Access to data under a data-sharing agreement would be dependent on accreditation being gained from the commissioner. Universities and other research institutions are expected to have to apply for accreditation once the bill is passed. To get accreditation, projects will have to be ethical and meet the existing standards of their industry, such as the National Health and Medical Research Council’s human research standards.

There will also be accredited intermediaries, called Accredited Data Service Providers, who may help with data integration and transfer. Improving “evidence-based policy, research and innovation” is among the formal aims of the bill.

The law would also formalise limits on what data can be published as an “output” of research done using data accessed under the law, to protect the original data holders or the groups that the data are about.

Introducing the bill to parliament in December, Stuart Robert, minister for government services, said that Australia had a “tangled data-sharing system and this bill is, frankly, designed to straighten it out”. He gave the example of government information on prescriptions and the people using them, which had been shared with researchers who discovered that five of those types of medication were “potential contributors to heart failure and stroke”.

The Senate Standing Committees on Finance and Public Administration have taken submissions on the bill and are expected to release their report on 29 April.

The Senate Standing Committee for the Scrutiny of Bills also earlier raised questions about privacy implications of the bill, to which the minister responded that decisions about data sharing would be made on a “case-by-case basis”.

The changes follow a 2017 Productivity Commission report showing that there was a “lack of trust” by both custodians and users of data in business and research, and that this needed to be addressed by the creation of a data control and accreditation system.

Representative body Research Australia said in a statement on its website that it had been “advocating for many years for improved access to public data for research”. The organisation recently collected user stories about difficulties in getting the necessary data, and it folded those into its submission during the bill’s development.
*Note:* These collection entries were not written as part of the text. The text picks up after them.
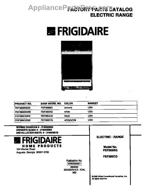Parts for Frigidaire FEF365CGSB: 01 - Cover Parts
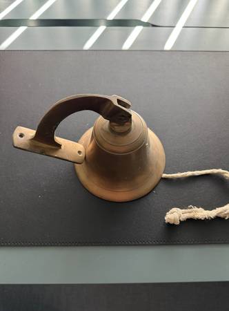 The roommate is selling this heavy-duty metal bell. Not entire sure what it is made out of, could be brass or bronze as it is not magnetic. In great condition, it is a little dusty and could use a good cleaning, but other than that, ready for you to use or give as a gift. The rough measurements are: Roughly 4 1/2 inches tall X 5 1/2 inches wide. The wall mount is 4 inches tall and 4 1/2 inches in depth from the wall. She is moving out of state to AZ and needs every dollar she can get, so it is all yours. Coming from a pet free and smoke free home! You can come pick it up this week! Sorry, my camera skills are not the best.
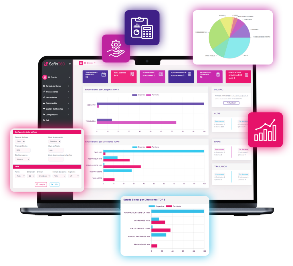 La multifuncionalidad de SAFIN, pone a tu disposición una herramienta personalizada que te permitirá automatizar los diferentes procesos que implica el correcto registro, control y gestión de los bienes, mediante una interfaz gráfica sencilla y amigable. Además, proporcionará un acceso rápido y actualizado de la información desde cualquier punto que tenga acceso a la base de datos (Aplicación Web).
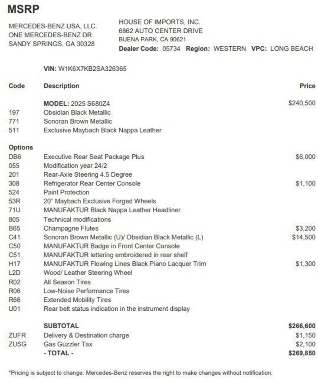 - Black; Maybach Exclusive Nappa Leather Upholstery
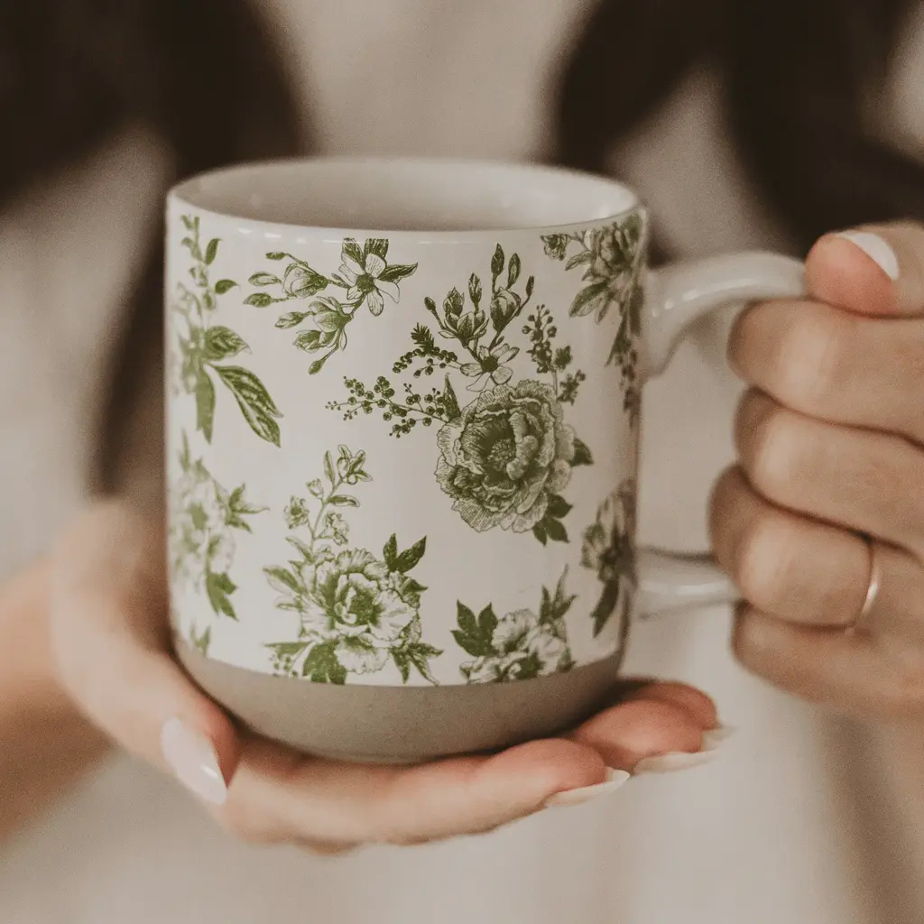 About This Item Start your day with a touch of charm and tranquility using our Green Delft stoneware mug. With its delicate floral design and calming green hue, this mug is perfect for savoring your favorite beverage and embracing moments of stillness and joy. Whether you're enjoying a quiet morning on the patio or catching up with loved ones, this timeless mug adds elegance to your daily routine. Designed for tea, coffee, or any cozy drink, it inspires you to enjoy life's simple pleasures and create a serene atmosphere wherever you go. Each piece is hand-crafted, making the character of each mug perfectly unique. There may be slight variations in each stoneware coffee mug. Coffee Mug Details 14oz Stoneware Style Mug Size: 3.31 x 3.93" (5.19" w/handle) Original Design: Green Delft Design on Both Sides of Mug Cream with Green Delft Pattern Speckled Design with Natural Bottom Details (Each is Perfectly Unique) Designed in the USA, Imported Style No. CM170 Coffee Mug Care Dishwasher and Microwave Safe Wash Before Use and Avoid Abrasive Cloths When Cleaning Use Caution When Removing From Microwave <!-- td {border: 1px solid #ccc;}br {mso-data-placement:same-cell;} --> <!-- td {border: 1px solid #ccc;}br {mso-data-placement:same-cell;} -->
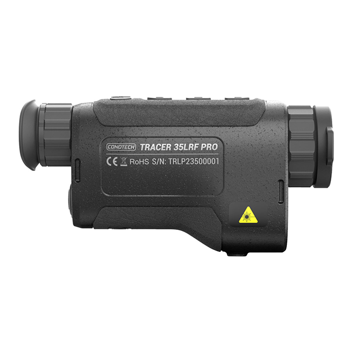 Тепловізійний монокуляр Cono Tech Tracer 35LRF Pro має високоточний лазерний далекомір та побудований на основі германієвого об'єктива 35 мм та надчутливого VOx-сенсора (12 µm, 50 Гц) з роздільною здатністю 384 х 288 px. Оптичне збільшення складає 3.3х, а кутове поле зору – 7.5° x 5.7°.
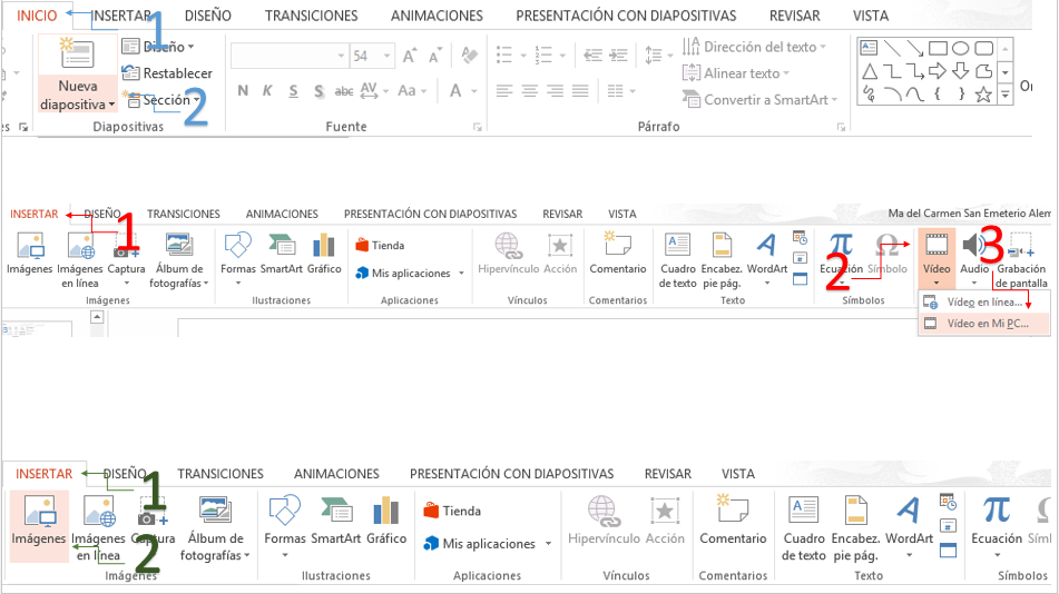 AGREGAR DIAPOSITIVA: Barra de menú, inicio. Nueva diapositiva. AGREGAR VIDEO DESDE ARCHIVO Barra de menú, insertar. Video. Video en mi PC. AGREGAR IMAGEN DESDE ARCHIVO Barra de menú, insertar. Imágenes. AGREGAR FONDO DE DIAPOSITIVA Barra de menú, diseño. Formato del fondo. AGREGAR SMARTART Barra de menú, insertar. SmartArt. AGREGAR TABLA Barra de menú, insertar. Tabla.
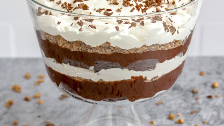 There's nothing better than a trifle with layers of chocolate, whipped cream, and Heath bar. This one is easy to make and so delicious.
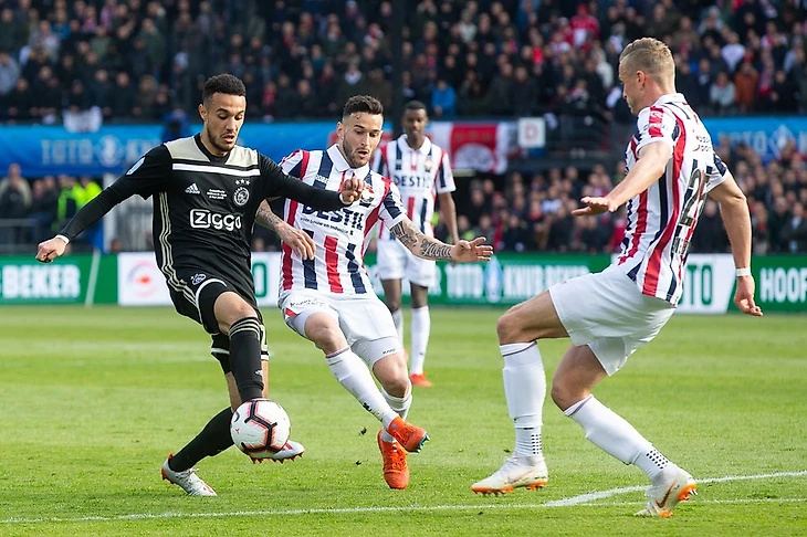«Виллем II» проиграл в этом сезоне «Аяксу» дважды. В первом круге 0:2 в Амстердаме (гости предложили схему 3-5-2) и во втором – 1:4 в Тилбурге (обычные 4-2-3-1). В финале тренер «королевского клуба» Адри Костер справедливо решил отойти от своей привычной схемы и сделал ставку на создание максимально неудобного положения для соперника. То есть сковать Френки де Йонга в начальных стадиях атаки, закрыть продвижение мяча через центр и не оставлять слишком много пространства за линией мяча.

It said the bill needed more detail on data access for peer reviewers, the security of metadata and the speed at which government bodies would be required to decide whether to share data or not. It said there should be a public register of decisions where access to data was refused.

In its consultation submission, the University of Melbourne said the law should include a separate system for Indigenous-related data, to aid in promoting Indigenous data sovereignty. The university generally welcomed the changes but said the right to access data could be made stronger.

The Group of Eight universities expressed concerns about whether the bill would replace workable existing arrangements with new requirements.

Research Australia was also making a submission to the Senate committee’s inquiry. Submissions to the inquiry were due by 12 March and have not yet been published.